چکیده:
The current popularity of second/foreign language oral performance assessment has
led to a growing interest in tasks as a tool for assessing language learners’ oral
abilities. However, most oral assessment studies so far have investigated tasks
separately; therefore, any possible relationship among them has remained
unexplored. Twenty English as a foreign language (EFL) teachers rated the oral
performances produced by 200 EFL learners before and after a rater training
program using description, narration, summarizing, role-play, and exposition tasks.
The findings demonstrated the usefulness of multifaceted Rasch measurement
(MFRM) in detecting rater effects and demonstrating the consistency and variability
in rater behavior aiming to evaluate the quality of rating. The outcomes indicated
that test difficulty identification is complex, difficult, and at the same time
multidimensional. On the other hand, test takers’ ability is a more determining factor
in their score variation than other intervening variables. The outcomes displayed no
relationship between task difficulty and raters’ interrater reliability measures. The
findings suggest that tasks have various effects on oral performance assessment tests
and most importantly, performance conditions in estimating the oral ability of test
takers. Since various groups of raters have biases to different tasks in use, the
findings indicated that training programs can reduce raters’ biases and increase their
consistency measures. The findings imply that decision makers had better not be
concerned about raters’ expertise in oral assessment, whereas they should establish
better rater training programs for raters to increase assessment reliability.
خلاصه ماشینی:
The Speaking Test The elicitation of test takers’ oral proficiency was done through the use of five different tasks including description, narration, summarizing, {مراجعه شود به فایل جدول الحاقی} role-play, and exposition tasks.

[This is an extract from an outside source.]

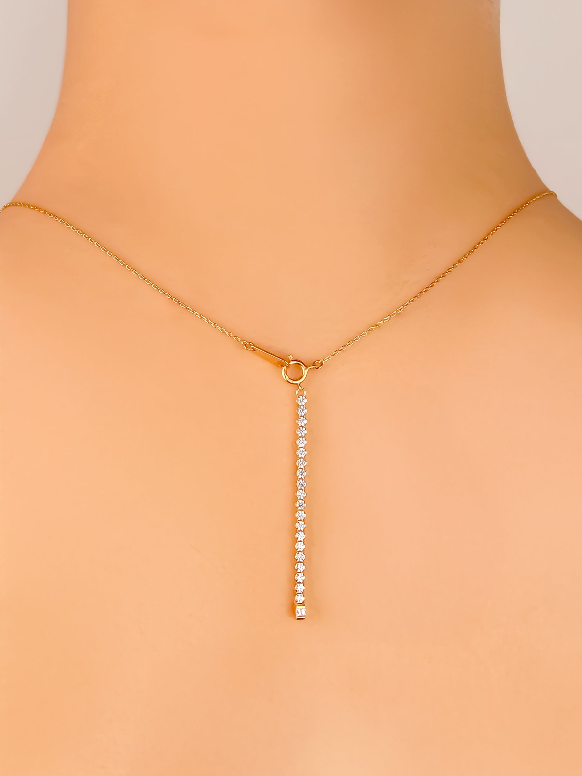 Vネックに合わせれば縦のラインが際立ち、背中の開いたトップスやドレスには、バックラインの輝きが上品な華やぎを添えます。

The outcome displayed a significant mean difference among all pairs of tasks with respect to their scorings of test takers’ oral performance ability at the pre-training phase except for narration-role play (p=0.

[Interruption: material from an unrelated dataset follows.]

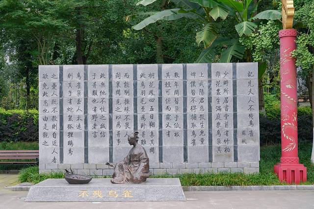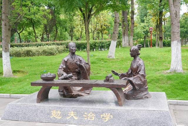 公园内有很多塑像,“勉夫治学”,“教子读史”,“不残鸟雀”等等,都讲诉了关于程夫人的故事。

The outcome of the table displays that there is significant mean difference among all pairs of tasks with respect to their scorings of test takers oral performance ability at the post-training phase except for the following pairs: description-summarizing (p = 0.
52, p Similar to the pre-training phase, in order to make sure whether there is a significant difference between NEW and OLD raters with regard to rating difficulty of each particular task, an independent t-test was run.
The outcome of the first and second research questions dealing with raters’ biases to the tasks of various levels of difficulty indicated significant differences between NEW and OLD raters in their biases to the oral tasks at the pre-training phase.
Nevertheless, unlike the pre-training phase, data analysis showed no significant difference between NEW and OLD raters’ biases in scoring tasks with respect to various difficulty measures.
The high amount of obtained 50 Journal of Modern Research in English Language Studies 5(4),27-53 (2018) residual, as compared to the effect of raters and tasks, demonstrates that test takers ability acts as a more significant role in test takers oral ability rather than other involving factors.